Start of AVAILABLE RECORDS

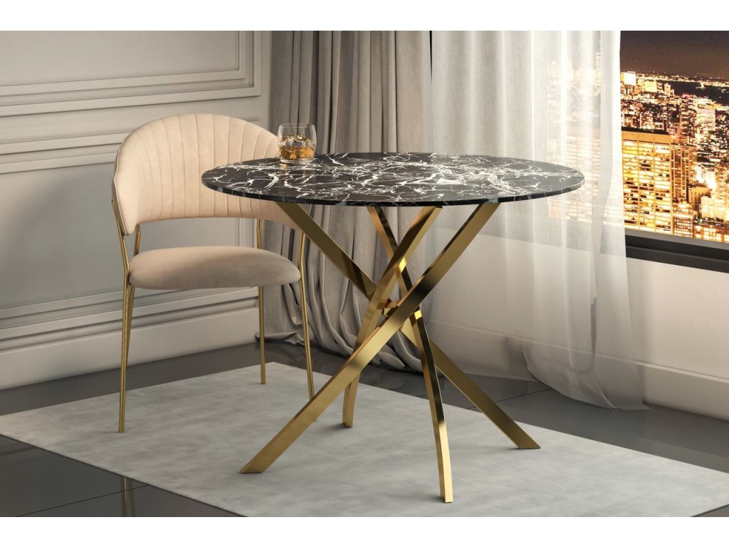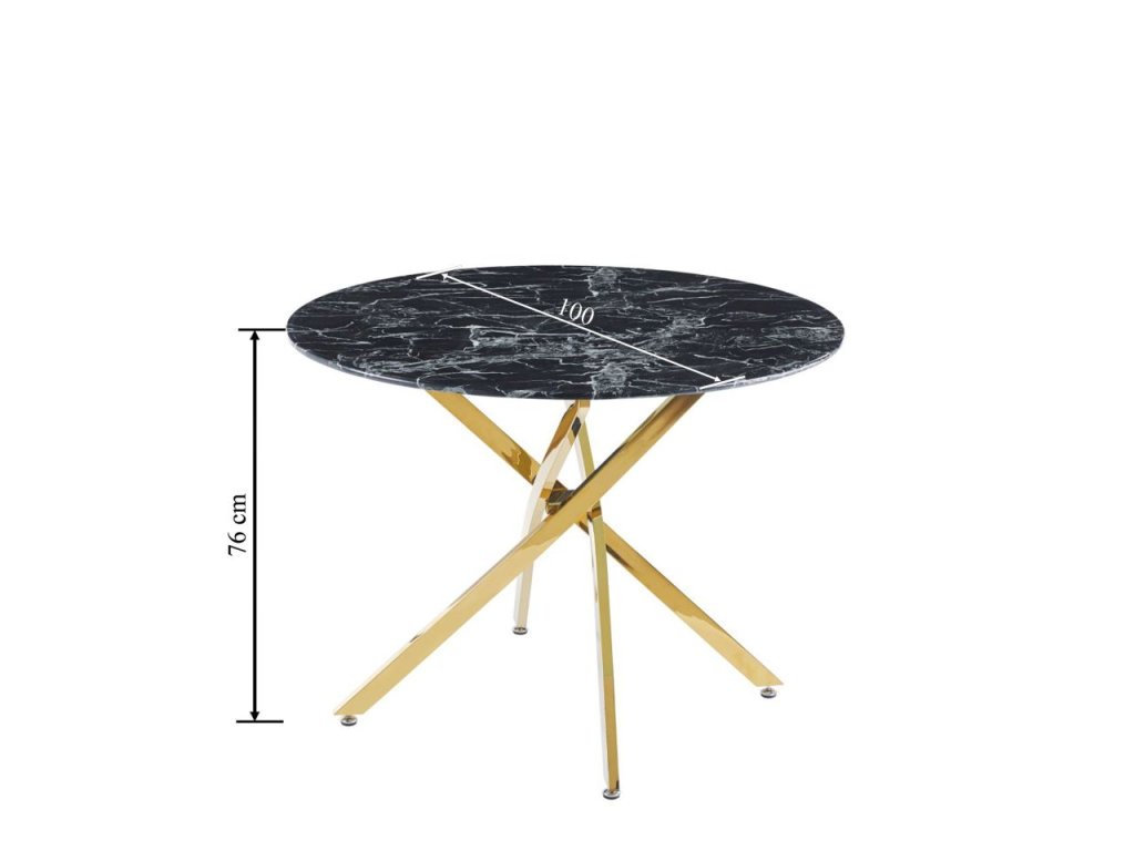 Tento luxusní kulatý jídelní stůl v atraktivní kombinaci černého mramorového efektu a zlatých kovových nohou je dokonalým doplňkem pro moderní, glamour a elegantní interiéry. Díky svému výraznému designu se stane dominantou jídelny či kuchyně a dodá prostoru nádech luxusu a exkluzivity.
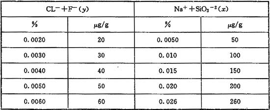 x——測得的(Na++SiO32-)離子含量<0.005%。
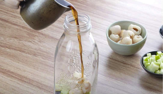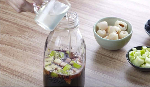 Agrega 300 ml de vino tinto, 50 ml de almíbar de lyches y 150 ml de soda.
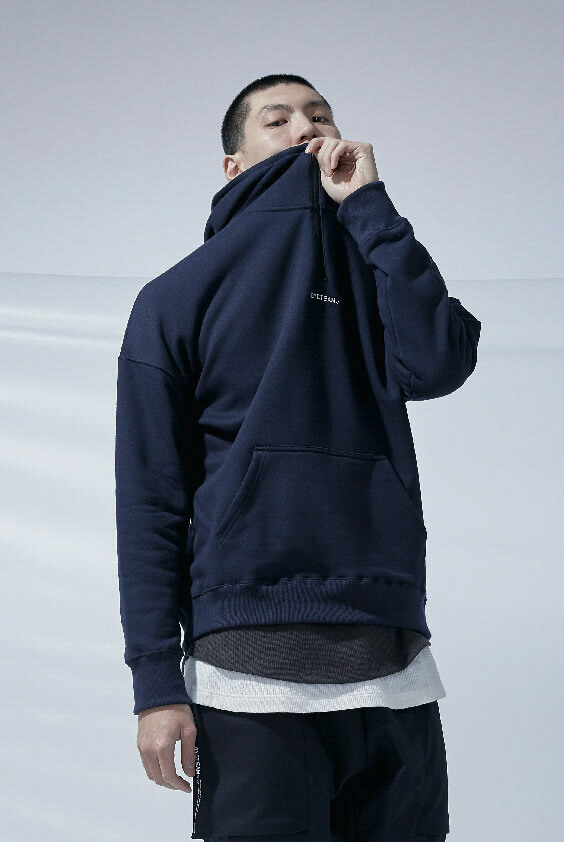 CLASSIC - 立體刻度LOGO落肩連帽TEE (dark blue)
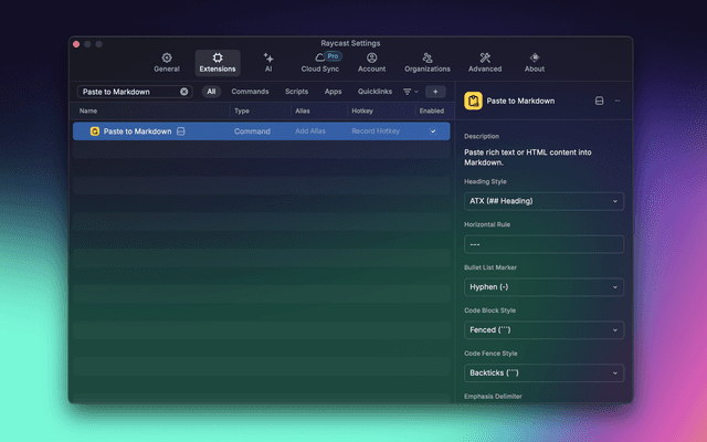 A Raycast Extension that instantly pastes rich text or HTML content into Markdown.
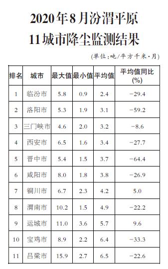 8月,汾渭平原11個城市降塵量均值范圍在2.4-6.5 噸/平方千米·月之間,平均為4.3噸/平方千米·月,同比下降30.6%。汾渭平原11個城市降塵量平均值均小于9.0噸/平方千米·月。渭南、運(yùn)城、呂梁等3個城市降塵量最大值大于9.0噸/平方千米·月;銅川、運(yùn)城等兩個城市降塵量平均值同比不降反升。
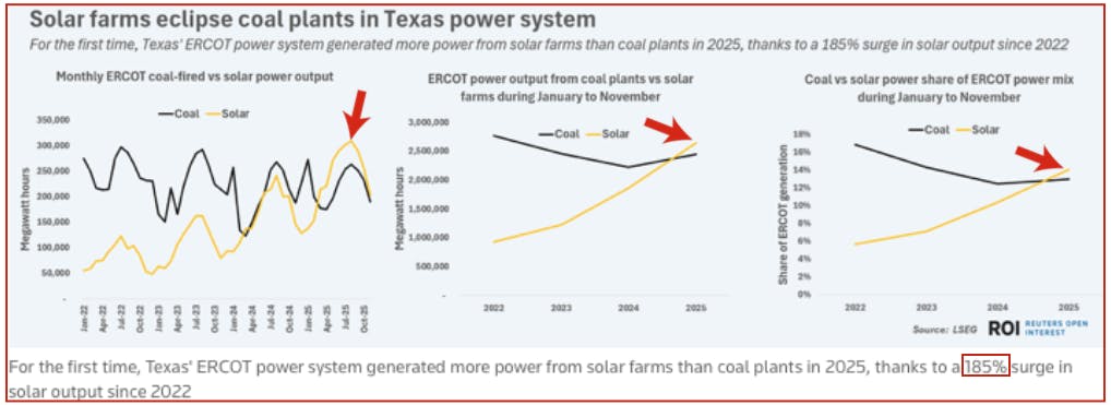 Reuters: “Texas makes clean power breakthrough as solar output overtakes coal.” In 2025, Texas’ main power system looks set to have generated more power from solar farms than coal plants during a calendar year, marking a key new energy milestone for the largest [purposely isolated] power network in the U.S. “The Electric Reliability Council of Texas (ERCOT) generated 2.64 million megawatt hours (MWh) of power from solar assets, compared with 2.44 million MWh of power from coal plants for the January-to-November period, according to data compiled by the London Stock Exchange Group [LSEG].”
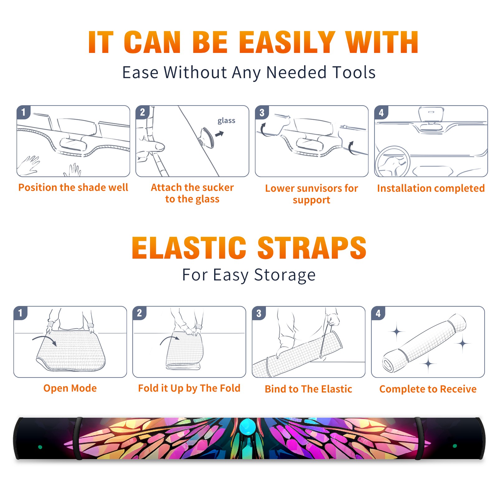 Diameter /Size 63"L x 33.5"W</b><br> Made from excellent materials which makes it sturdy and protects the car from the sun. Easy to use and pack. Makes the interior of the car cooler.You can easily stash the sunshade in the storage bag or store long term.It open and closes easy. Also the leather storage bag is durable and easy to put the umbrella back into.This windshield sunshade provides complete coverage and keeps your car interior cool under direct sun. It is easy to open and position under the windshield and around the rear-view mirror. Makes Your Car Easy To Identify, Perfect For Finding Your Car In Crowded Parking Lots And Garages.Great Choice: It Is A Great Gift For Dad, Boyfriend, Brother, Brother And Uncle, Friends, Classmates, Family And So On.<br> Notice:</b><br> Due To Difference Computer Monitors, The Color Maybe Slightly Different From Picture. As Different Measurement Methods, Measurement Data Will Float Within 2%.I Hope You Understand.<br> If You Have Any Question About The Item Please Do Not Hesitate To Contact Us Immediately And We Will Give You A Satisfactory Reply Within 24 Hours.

End of AVAILABLE RECORDS

* [ASSIGNMENT]:
When you reach the line with "Agrega 300 ml" in the records above, start writing out each line exactly, and stop after the line with "makes clean power". Pictures stay out.

* [ANSWER SECTION]:
 Agrega 300 ml de vino tinto, 50 ml de almíbar de lyches y 150 ml de soda.
 CLASSIC - 立體刻度LOGO落肩連帽TEE (dark blue)
 A Raycast Extension that instantly pastes rich text or HTML content into Markdown.
 8月,汾渭平原11個城市降塵量均值范圍在2.4-6.5 噸/平方千米·月之間,平均為4.3噸/平方千米·月,同比下降30.6%。汾渭平原11個城市降塵量平均值均小于9.0噸/平方千米·月。渭南、運(yùn)城、呂梁等3個城市降塵量最大值大于9.0噸/平方千米·月;銅川、運(yùn)城等兩個城市降塵量平均值同比不降反升。
 Reuters: “Texas makes clean power breakthrough as solar output overtakes coal.” In 2025, Texas’ main power system looks set to have generated more power from solar farms than coal plants during a calendar year, marking a key new energy milestone for the largest [purposely isolated] power network in the U.S. “The Electric Reliability Council of Texas (ERCOT) generated 2.64 million megawatt hours (MWh) of power from solar assets, compared with 2.44 million MWh of power from coal plants for the January-to-November period, according to data compiled by the London Stock Exchange Group [LSEG].”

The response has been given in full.